# First babies!!



## Bree_6293 (Aug 4, 2014)

Today at 2 pm my first baby goats were born. It was also first time for momma as well. It was a perfect kidding and I even got to be there for the whole thing! She had twins! First born was the big baby boy (cream). He is like a mine Delilah! (Mom). He was up within 10 mins and the second one was born about 15mins after he was born. She is a little brown and white doe! She was up quickly as well and both drinking within 20 mins of being born! Delilah has passed all of the placenta which was also perfect


----------



## ksalvagno (Oct 6, 2009)

Very cute!


----------



## Cedar Point Kikos (Oct 16, 2013)

They are SO CUTE!


----------



## mayia97420 (Apr 22, 2014)

they are cute babies - healthy looking too


----------



## billiejw89 (May 7, 2014)

Oh my goodness.
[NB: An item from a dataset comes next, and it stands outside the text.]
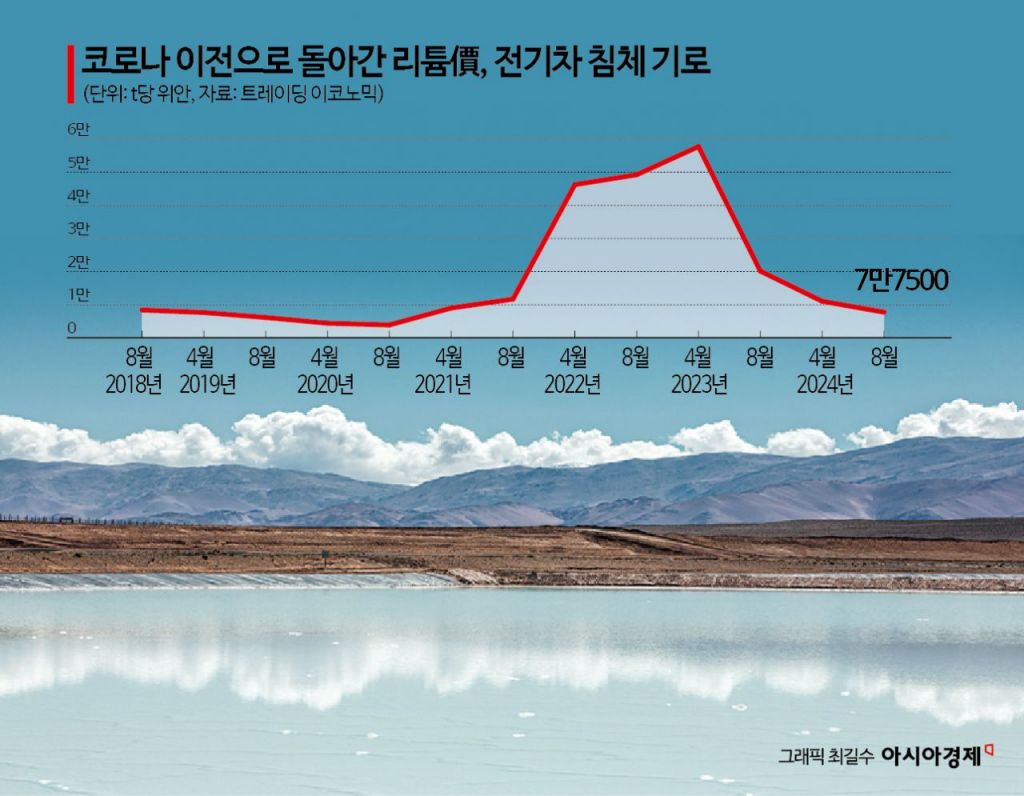 그러나 역사상 최고점을 찍은 후 2년 가까이 리튬 가격은 하락세를 면치 못하고 있다. 돈되는 리튬에 달려든 광산 기업의 공급량이 많아지고 급증할줄만 알았던 전기차 수요가 예상을 밑돌았기 때문이다. 최고점을 찍은 후 불과 6개월만에 17만위안까지 떨어졌던 리튬 가격은 현재 7만위안대 까지 떨어졌다.
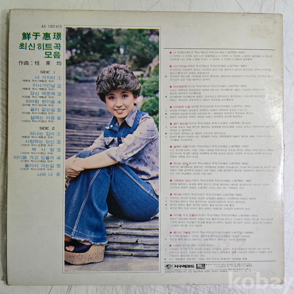 | 자켓상태 | VG : 주름, 접힘, 모서리 찢김 다수 | 음반상태 | VG : 생활 기스 다수, 가벼운 노이즈 존재 | 발매정보 | 초반 | 가사지여부 | 무 |

They are so cute!


----------



## toth boer goats (Jul 20, 2008)

So cute.


----------



## margaret (Aug 30, 2013)

Are you sure you want them?
I think they would fit in very well at my house :lol:
They are SOOOO CUTE!!!!!!!!
Congrats!


----------



## Jessica84 (Oct 27, 2011)

Oh I bet that little girl is a keeper  congrats and so happy everything went well for your first kids 


Sent from my iPhone using Goat Forum


----------



## dreamweaver (Mar 15, 2013)

Congratulations! They are beautiful!


----------



## Goat_in_Himmel (Jun 24, 2013)

I've never seen such and even white belt as that little girl has. Does it go all the way around?


----------



## happybleats (Sep 12, 2010)

congrats Bree!! both are adorable!! and long awaited for lol..I bet you keep them both!!!


----------



## Bree_6293 (Aug 4, 2014)

Yes her belt goes right around her  she is defiantly a keeper  and the little boy is too  they are getting so active already trying to jump around! I now have a total of 6 goats  the little boy will become a wether when he is older and so I will have 3 wethers 2 does and 1 buck  this little doeling is not related to my buck as we bought the mom in kid so I won't have to worry about in breeding when she is older


----------



## milk and honey (Oct 31, 2010)

Adorable ... Congratulations!!


Sent from my iPhone using Goat Forum


----------



## Bree_6293 (Aug 4, 2014)

And they need names!!! 
So far we are thinking:
Boys names : Archie Alfie or jasper

Girls names : Alice or rose

But open to any suggestions!!


----------



## happybleats (Sep 12, 2010)

I like Archie...and Rose....cute names...


----------